• **What this task involves**
The answer should be the exact lines from the line containing "呼吸系统疾病中成药市场空间广" through the last line of the material below, with no pictures.

• **Data block**
──────

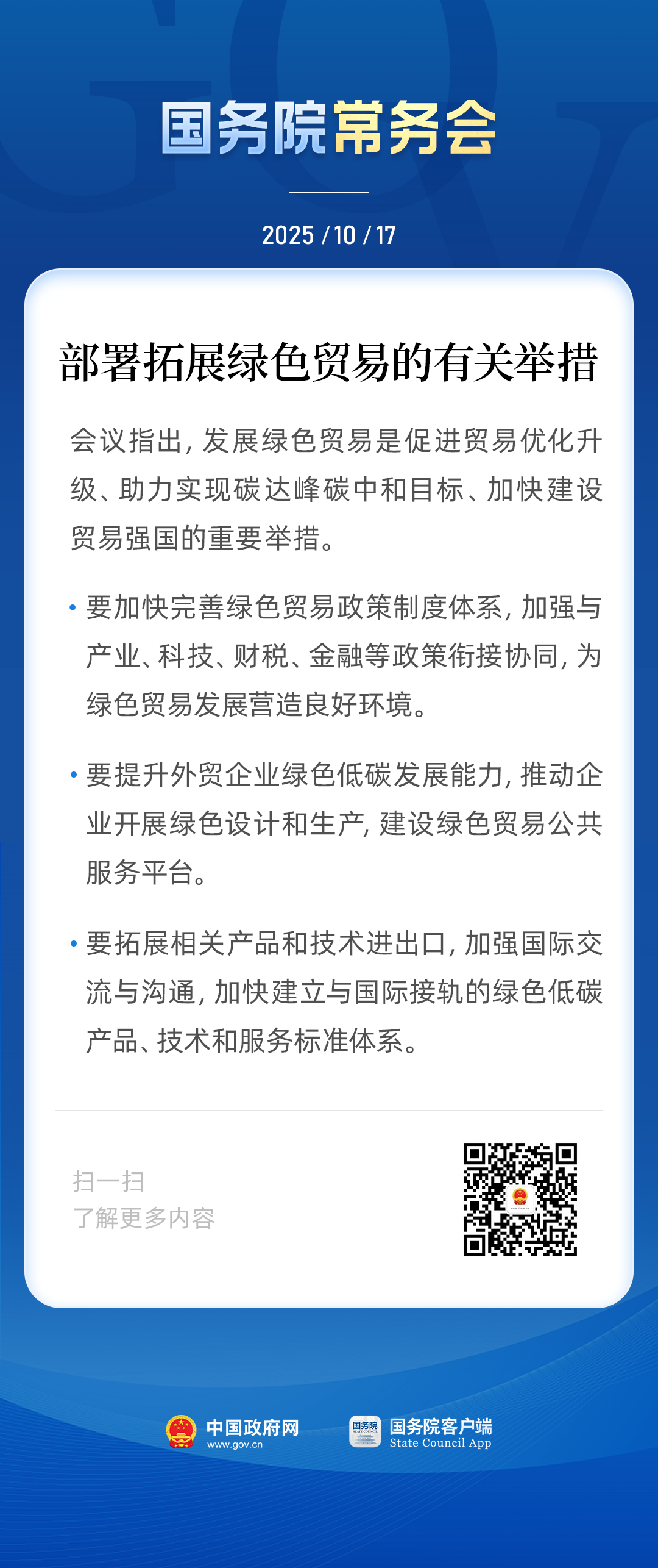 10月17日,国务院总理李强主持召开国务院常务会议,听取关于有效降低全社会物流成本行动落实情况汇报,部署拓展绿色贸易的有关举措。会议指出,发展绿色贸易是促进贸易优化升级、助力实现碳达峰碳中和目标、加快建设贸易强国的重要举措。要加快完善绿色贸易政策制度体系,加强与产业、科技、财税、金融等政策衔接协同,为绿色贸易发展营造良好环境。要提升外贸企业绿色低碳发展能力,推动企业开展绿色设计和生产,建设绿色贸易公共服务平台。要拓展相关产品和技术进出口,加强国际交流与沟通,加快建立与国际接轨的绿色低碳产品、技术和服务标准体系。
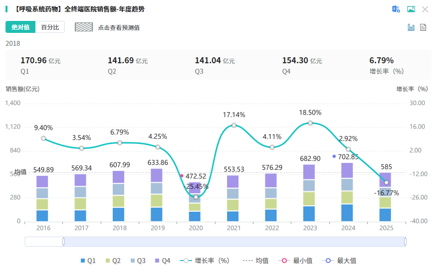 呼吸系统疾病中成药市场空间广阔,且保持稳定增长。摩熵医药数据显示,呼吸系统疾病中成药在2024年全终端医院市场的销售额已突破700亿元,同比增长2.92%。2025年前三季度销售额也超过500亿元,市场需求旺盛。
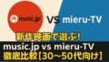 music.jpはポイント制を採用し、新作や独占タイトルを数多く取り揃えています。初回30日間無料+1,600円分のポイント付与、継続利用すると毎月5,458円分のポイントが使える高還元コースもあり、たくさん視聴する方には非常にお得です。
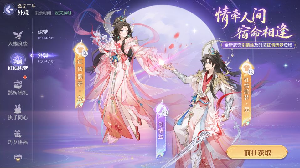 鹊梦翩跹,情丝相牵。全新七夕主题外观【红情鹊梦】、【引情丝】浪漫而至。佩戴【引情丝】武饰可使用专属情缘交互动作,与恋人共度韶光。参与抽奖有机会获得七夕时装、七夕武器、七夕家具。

──────

• **Your solution**
 呼吸系统疾病中成药市场空间广阔,且保持稳定增长。摩熵医药数据显示,呼吸系统疾病中成药在2024年全终端医院市场的销售额已突破700亿元,同比增长2.92%。2025年前三季度销售额也超过500亿元,市场需求旺盛。
 music.jpはポイント制を採用し、新作や独占タイトルを数多く取り揃えています。初回30日間無料+1,600円分のポイント付与、継続利用すると毎月5,458円分のポイントが使える高還元コースもあり、たくさん視聴する方には非常にお得です。
 鹊梦翩跹,情丝相牵。全新七夕主题外观【红情鹊梦】、【引情丝】浪漫而至。佩戴【引情丝】武饰可使用专属情缘交互动作,与恋人共度韶光。参与抽奖有机会获得七夕时装、七夕武器、七夕家具。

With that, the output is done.